Weight gain is a common complaint of holidaymakers.
According to Nasa choosing a different destination could make a difference in
how much you weigh.
Scientists have recently discovered the reason why
travellers to Sri Lanka are lighter, whereas you’ll gain weight in Turkey. It’s
not the baklava.
Since the 1960s Nasa has known that gravity does not affect
the globe evenly, with ‘anomalies’ in the weight of objects travelling from one
location to another.
Though those hoping to shed might be disappointed.
A traveller weighing 68kg in New Zealand could lose up to 3g
when in the Maldives or Canada’s Hudson Bay, where there are areas of lower
relative-gravity. The difference is not massive, around 1/25,000 of your
bodyweight, but it’s a start.
What it does tell us is that the makeup of the planet is
very different under foot, affecting the weight and gravitational force on the
surface.
Which country has lowest gravity?
Satellites from Nasa’s GRACE mission (Gravity Recovery and
Climate Experiment) have been mapping the differences for years. While ocean
measuring stations have suggested there is a difference the use of satellite
imaging to measure water density has allowed Nasa to build high definition of
gravity.
The lowest gravity on the planet is found at the southern
tip of Sri Lanka and parts of the Indian Ocean east of the Maldives. North
Canada around the Hudson Bay area is also an area of low gravity.
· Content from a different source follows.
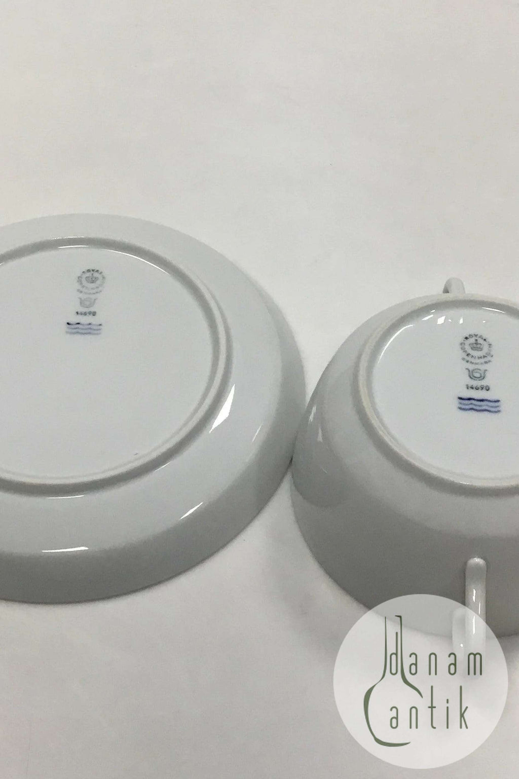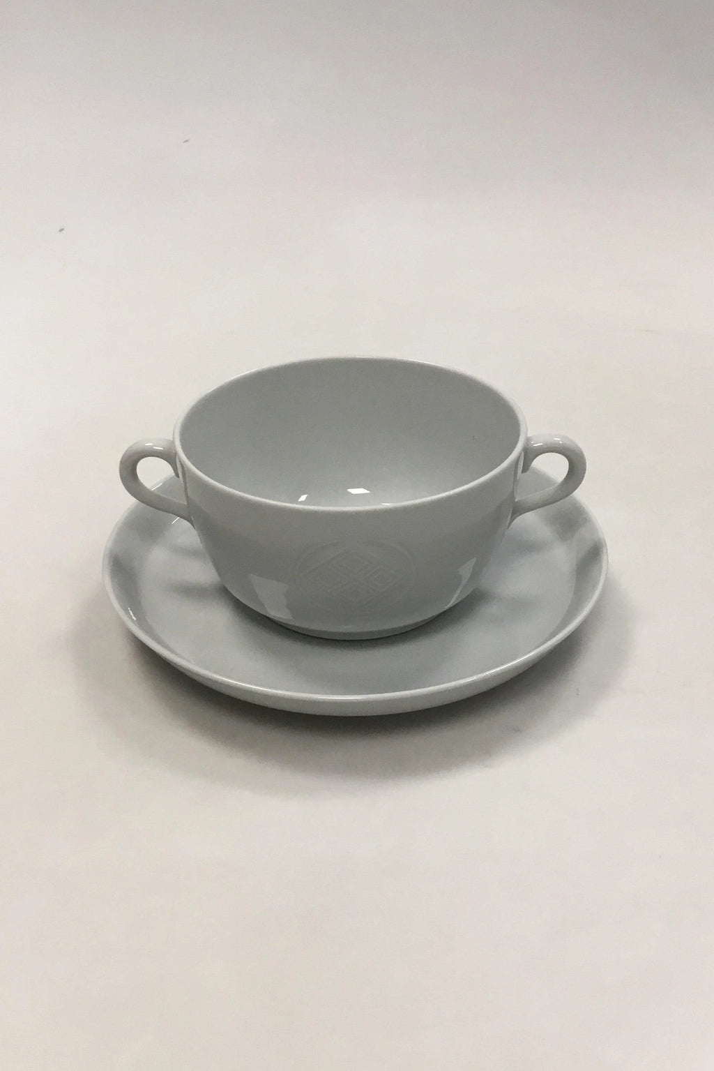 Royal Copenhagen Gemma Bouillonkop med underkop, uden låg No 14690. Måler Kop:8,5 cm x 11,5 cm dia. Underkop: 17 cm
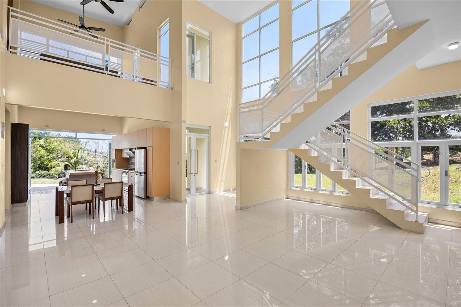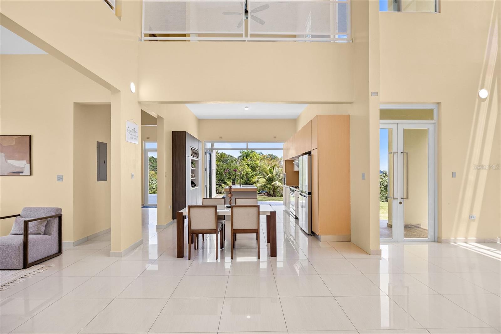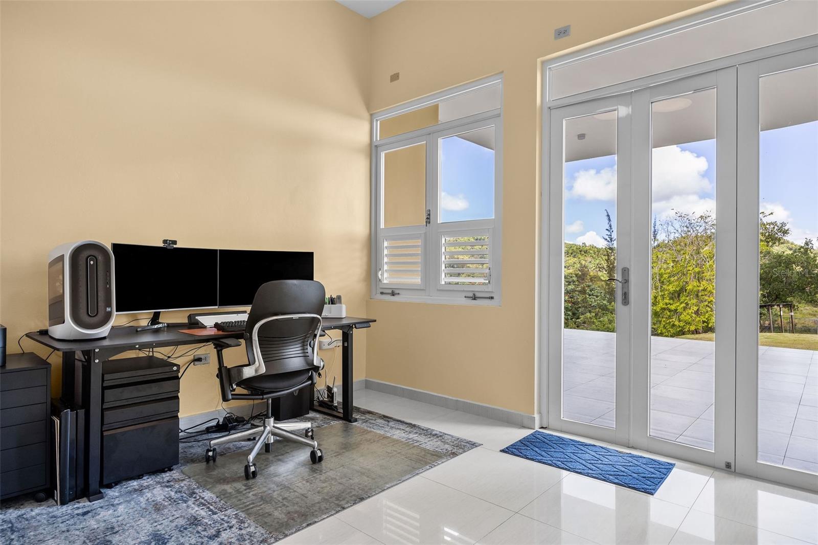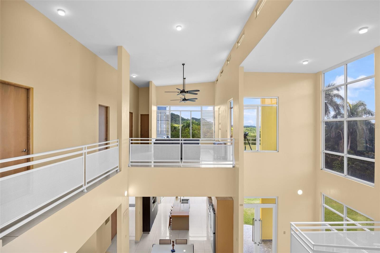 Discover a unique blend of modern design, sustainability, and privacy in this stunning 2015 residence set on 1.47 acres (5,934.89 m²) with breathtaking panoramic mountain views. Boasting over 3,200 square feet of living space, this home features 4 bedrooms and 3 full bathrooms, designed to maximize comfort, natural light, and energy efficiency. From the moment you enter, you’re welcomed by impressive 30-foot ceilings and an open-concept layout that seamlessly connects indoor and outdoor living. The home’s eco-conscious architecture incorporates folding doors, strategically placed high-set windows for heat dissipation, and cross-ventilation—resulting in remarkably low energy consumption, with an average electric bill of approximately $90/month. The property offers two spacious living/family rooms, along with a versatile office or indoor gym space, ideal for today’s flexible lifestyle. The main suite is a private retreat featuring his and hers walk-in closets, while the convenience of a laundry room on the same level as the bedrooms enhances everyday functionality. Step outside and enjoy your own private oasis, complete with a variety of fruit trees including plantain, banana, mango, breadfruit, and coconut, all set against a serene natural backdrop. Additional features includes: a smart home–ready infrastructure with pre-installed cable routing, whole-house surge protection, propane hot water backup, an 800-gallon cistern with demand-driven backup pump, and a solar-powered automatic gate with battery backup. The home is being sold fully equipped with all kitchen and laundry appliances included, along with recent upgrades such as new light fixtures, dishwasher, and refrigerator, making it truly move-in ready. A rare opportunity to own a thoughtfully designed, energy-efficient home that offers space, privacy, and a connection to nature—without sacrificing modern conveniences.

The difference is thought to be down to the thickness of the
Earth’s crust and the volume of molten rock and magma, beneath the surface.
“The Canadian anomaly has been known for a long time,” said
Dan Britt, director of the Center for Lunar and Asteroid Surface Science.
He described it like squishing a jam sandwich, the thick ice
sheets deformed the crust, pushing the fluid to the edges.
“A couple of miles of ice is heavy enough to depress the
crust,” said Britt.
Where on Earth is gravity the strongest?
Elsewhere ‘heavy’ spots can be explained by currents in
molten rock, or magma, and convection currents in superheated bubbling lava.
The strongest gravity earth is located around Bolivia and
the northern Andes, where relative gravity represents around 50 additional
milligals. Here you’ll be around 1/19613th heavier than at 1 standard gravity.
Objects are also slightly heavier around the poles and
around the fault lines of the Pacific. There is an area of increased weight at
the top of New Zealand’s North Island following the Kermadec Trench.
The distribution of gravity is slowly changing as the fluid
magma redistributes and continental plates shift. Since the launch of the GRACE
and GRACE-FO (follow on) satellites in 2018, Nasa has been mapping the slow
change, by measuring surface water.
Measuring “the amount of water in large lakes and rivers, as
well as changes in sea level and ocean currents provides an integrated global
view of how Earth’s water cycle and energy balance are evolving”, says the Nasa
GRACE mission.
Rather than helping weight watchers plan their holidays,
there are bigger implications of gravitational anomalies on surface water which
compound climate changes.
“GRACE allows hydrologists to monitor water in underground
aquifers and entire river basins, providing better information for decisions
about drought mitigation and flood hazards,” says the mission’s Gravity Model
from the University of Texas.
Sadly you’ll gain that weight back the moment you get home.